Panna cotta is your friend. It tastes great, looks impressive, is embarrasingly easy to make, can be made in advance, is dead cheap, and is extremely versatile in the flavours that you can use.
Panna cotta can be thought of as a neutral base, to which you can add your choice of flavours. Spices are particularly good for this. The name (and dish) is Italian, meaning cooked cream. They are essentially flavoured cream, gently set with gelatine, making a soft sweet, just holding its shape on the plate.

These are just a few suggestions. Use your imagination! Have fun. I'm getting loads of ideas just writing this. How about some honey in there? Or saffron. Or both! That ginger sounded nice too. Keep experimenting! They're cheap as chips to make, so it doesn't matter too much if you get a couple of duds. Once you've started playing with ideas, you're bound to invent some classics of your own.

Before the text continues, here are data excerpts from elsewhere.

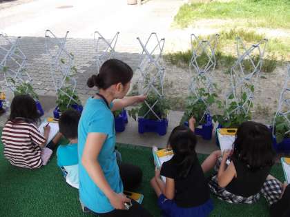 生活科の時間に育てている,「あさがお」の観察をしていました。あさがおが,大きく育っているのを見て子ども達は大喜びでした。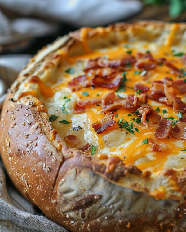 Serve hot, garnished with chopped chives, additional shredded cheese, and extra bacon bits if desired.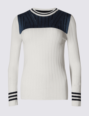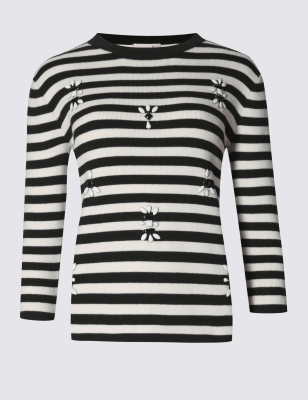 Tailored Fit Cotton Blend Embellished Striped Jumper from M&S £45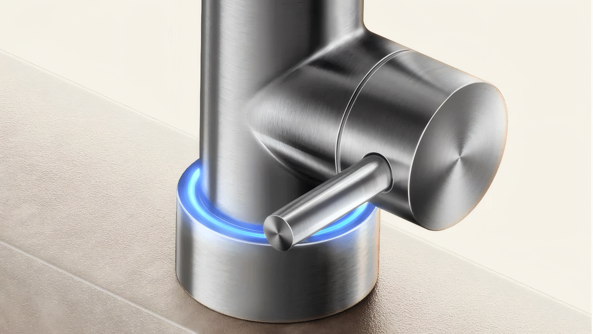 Součástí balení je také chytrý kohoutek, který je vybaven praktickým světelným indikátorem. Ten pomocí barev na první pohled informuje o stavu filtrů. Zatímco modré světlo signalizuje normální provoz, oranžové blikání upozorní na blížící se konec životnosti filtru. Jakmile se světlo změní na trvale oranžové, je čas filtr co nejdříve vyměnit.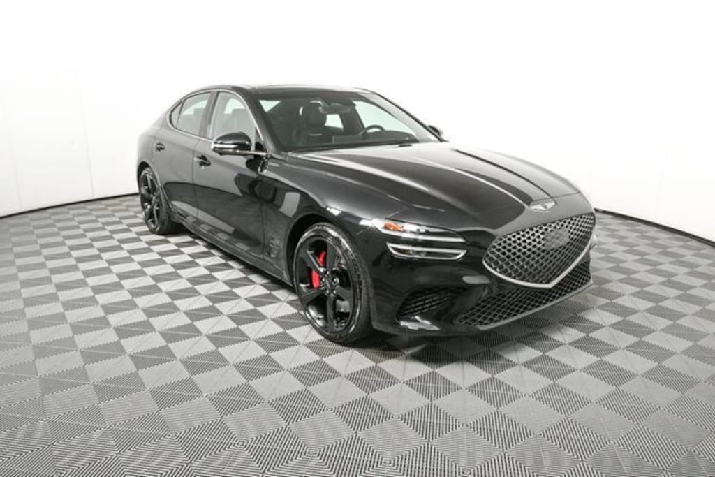 Dealer installed Options:Window Tint $495, Paint & Fabric Protect (Optional Warranty Available) $495, ABS brakes, Active Cruise Control, Alloy wheels, Electronic Stability Control, Front dual zone A/C, Heated door mirrors, Heated front seats, Illuminated entry, Low tire pressure warning, Navigation System, Power moonroof, Remote keyless entry, Traction control. This 2026 Genesis G70 is equipped with ABS brakes, Active Cruise Control, Alloy wheels, Electronic Stability Control, Front dual zone A/C, Heated door mirrors, Heated front seats, Illuminated entry, Low tire pressure warning, Navigation System, Power moonroof, Remote keyless entry, Traction control, 15 Speakers, 4-Wheel Disc Brakes, Air Conditioning, AM/FM radio: SiriusXM, Android Auto & Apple CarPlay, Anti-whiplash front head restraints, Auto High-beam Headlights, Auto-dimming door mirrors, Auto-dimming Rear-View mirror, Automatic temperature control, Brake assist, Bumpers: body-color, Delay-off headlights, Driver door bin, Driver vanity mirror, Dual front impact airbags, Dual front side impact airbags, Emergency communication system: Genesis Connected Services, Exterior Parking Camera Rear, Four wheel independent suspension, Front anti-roll bar, Front Bucket Seats, Front Center Armrest, Front reading lights, Fully automatic headlights, Garage door transmitter: HomeLink, Heads-Up Display, Heated steering wheel, Htd & Ventilated Multi-Adjustable Fr Bucket Seats, Knee airbag, Leather Seating Surfaces, Memory seat, Occupant sensing airbag, Outside temperature display, Overhead airbag, Overhead console, Panic alarm, Passenger door bin, Passenger vanity mirror, Power door mirrors, Power driver seat, Power passenger seat, Power steering, Power windows, Radio: AM/FM/SiriusXM/HD Lexicon Prem Audio System, Rain sensing wipers, Rear anti-roll bar, Rear reading lights, Rear seat center armrest, Rear side impact airbag, Rear window defroster, Security system, Speed control, Speed-sensing steering, Speed-Sensitive Wipers, Split folding rear seat, Steering wheel memory, Steering wheel mounted audio controls, Tachometer, Telescoping steering wheel, Trip computer, Turn signal indicator mirrors, Variably intermittent wipers, Ventilated front seats, and Wheels: 19" x 8.0J Fr & 19" x 8.5J Rr Sport Alloy. Not all rebates are compatible with all finance programs. Please see dealer for details and final price. $1000 - Genesis Retailer Choice: $1000 discount and 5.99% APR for 24 months. $44.32 per $1000 financed. Available to well qualified buyers who finance through Genesis Finance. G704. Exp. 11/03/2025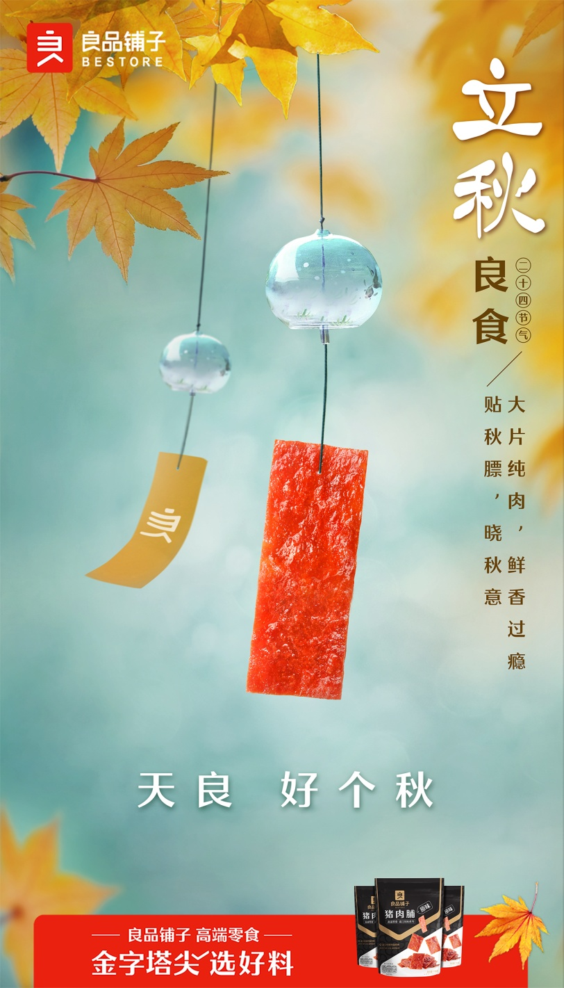 良品鋪子以零食在載體,在海報上營造出濃厚的傳統(tǒng)文化氛圍,輸出兼具品牌個性、視覺美感、文化意蘊、價值主張和生活美學(xué)的優(yōu)質(zhì)內(nèi)容,極具人文氣息。

Gently warm the milk and cream with the flavourings, allowing time to infuse. Check the strength of flavour. Meanwhile, soften the gelatine in cold water. Sweeten the cream to taste. Remember, it shouldn't be actually "sweet", just take the edge off the taste.
Dissolve the softened sheets of gelatine in the warmed milk/cream. Strain into a jug, and pour into dariole moulds. In the absence of these moulds, which are very useful for lots of individual puddings, use any other small moulds. Ramekins or even teacups would work, although the tall shape of a dariole looks great when the panna cotta is unmoulded, as it settles under its own weight, bulging slightly. This'll make about 6.
Chill for several hours or overnight, to set. When ready to serve, run a small knife around the inside edge of the mould. This is easier if you are using the straight-sided dariole. With a careful tap, turn the panna cotta out onto a plate. Watch it wobble! Add whatever accompaniments you are using and serve immediately.